Treating interstitial lung disease (ILD) hinges on a distinction current imaging cannot make. Inflammation may respond to immunosuppression, while established fibrosis calls for antifibrotics, yet high-resolution CT maps structural scarring without reliably showing active inflammation.

Confirming inflammation has no reliable noninvasive test, so clinicians often infer it from CT pattern, disease subtype, and clinical course. A noninvasive way to see it would help match patients to the right therapy.

Lungs affected by ILD took up a molecular tracer that healthy lungs largely didn't, an early signal that imaging might fill that gap. The agent, 99mTc-maraciclatide, binds a marker of the new blood vessel growth that accompanies inflammation known as αvβ3 integrin. Healthy controls showed minimal lung uptake, while both disease groups showed distinct uptake.

The clearest result was in fibrotic hypersensitivity pneumonitis, a subtype where inflammation is expected. Mean lung uptake there was significantly higher than in controls (1.2 vs. 0.75, p=0.02). Idiopathic pulmonary fibrosis, a predominantly fibrotic process with little active inflammation, sat in between and didn't reach significance (0.95, p=0.18), a pattern the authors called biologically plausible.

A target-to-background ratio meant to sharpen the contrast was numerically higher in both disease groups but not statistically significant, so the tracer separated disease from health more clearly than it separated inflammation from fibrosis.

This small phase 2 study enrolled 15 participants, five each with idiopathic pulmonary fibrosis, fibrotic hypersensitivity pneumonitis, and age- and sex-matched healthy controls. Each received 740 MBq of 99mTc-maraciclatide intravenously, followed by SPECT/CT two hours later, with images read by nuclear medicine physicians and thoracic radiologists.

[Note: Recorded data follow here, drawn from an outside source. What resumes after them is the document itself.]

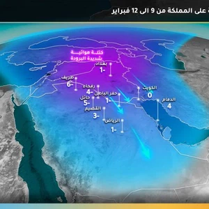 As shown by the attached map, it is expected that some areas will record record temperatures, as temperatures drop to large levels that would pose a real threat to life in the event of staying outside the home or in areas that are not well heated, where it is expected to register Hail for example 5 degrees below zero, while Tarif in the north reaches 6 degrees below zero! With 4 degrees below zero in Rafha
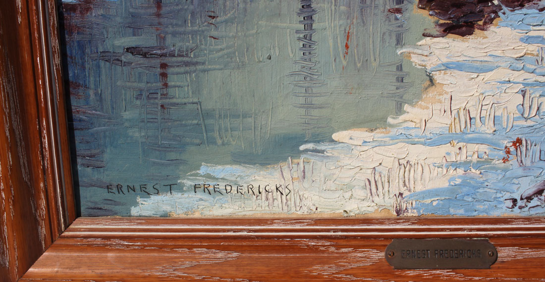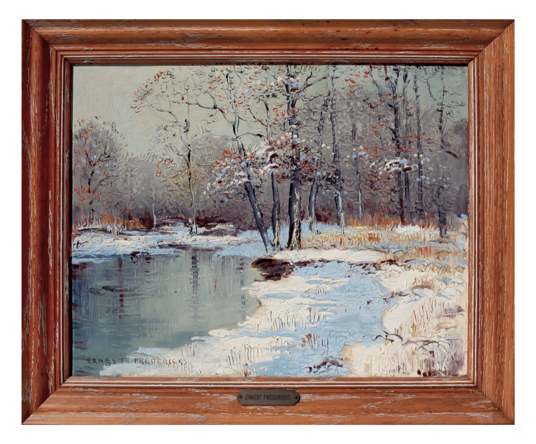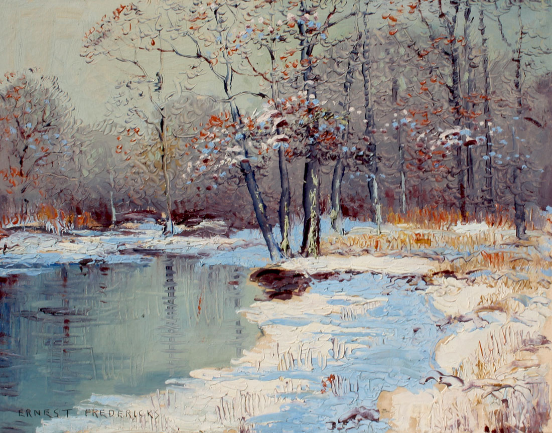 FREDERICKS, Ernest, (American, 1877-1959): Winter Stream, Oil/Canvas, 16'' x 20'', signed lower left, framed, 20.25'' x 23.5''.
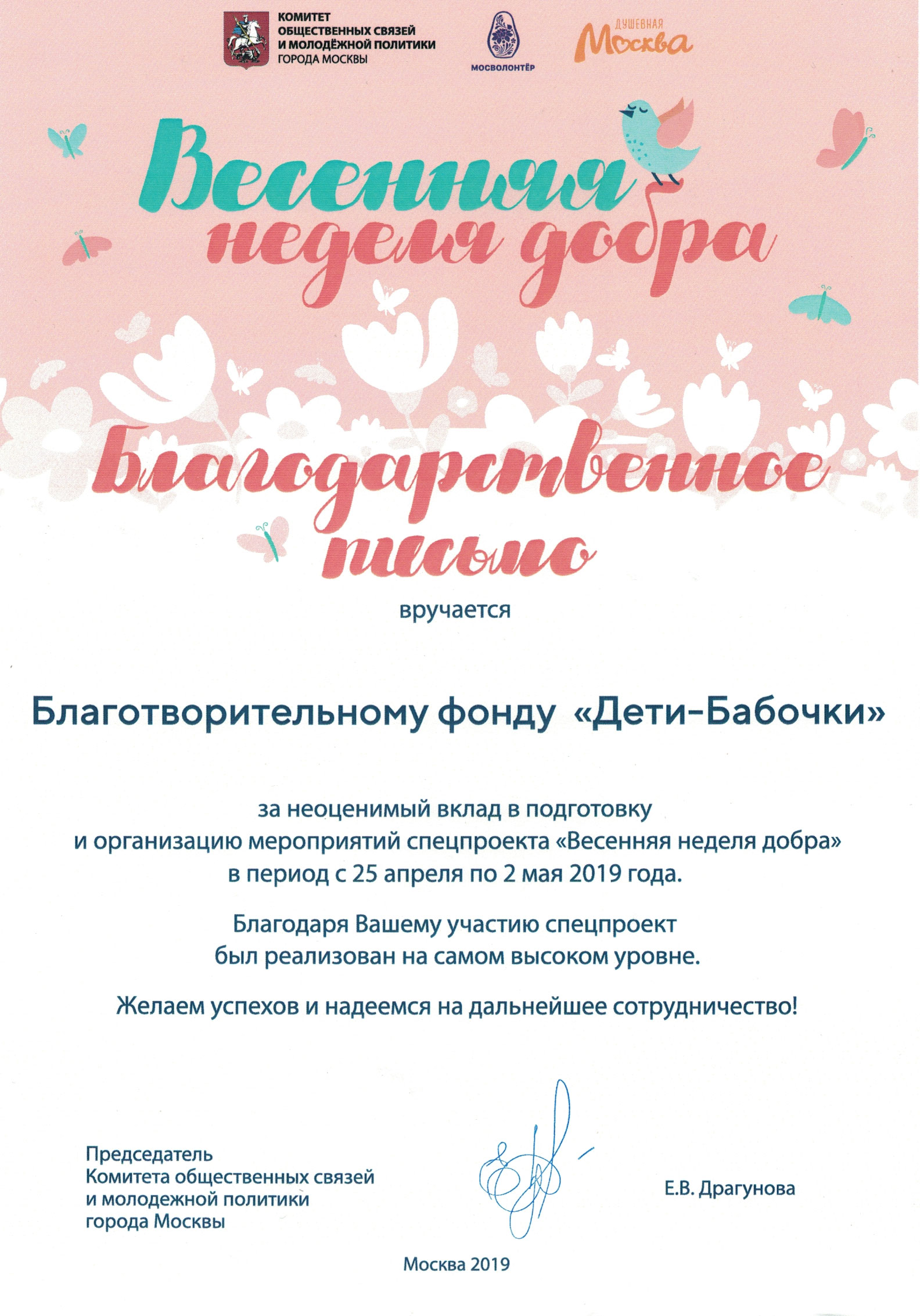 Благодарность от КОС за неоценимы вклад в подготовку и организацию мероприятий спецпроекта "Весенняя неделя добра"

The data are from a conference abstract and haven't been peer-reviewed.

If validated, the use case is selection: identifying patients whose disease is still inflammatory and potentially treatable with immunosuppression, versus those with fixed fibrosis better served by antifibrotics. The authors also see a possible role in screening and monitoring patients with rheumatoid arthritis at risk for ILD.

A phase 3 trial would be the next test. With FDA Fast Track designation in hand, the authors estimate the agent could reach patients within two years of starting that trial.

"While current imaging techniques can provide a structural view of fibrosis in the lungs, there is no reliable, non-invasive way to identify inflammation," said Druin Burch, a consultant physician at John Radcliffe Hospital in Oxford, UK.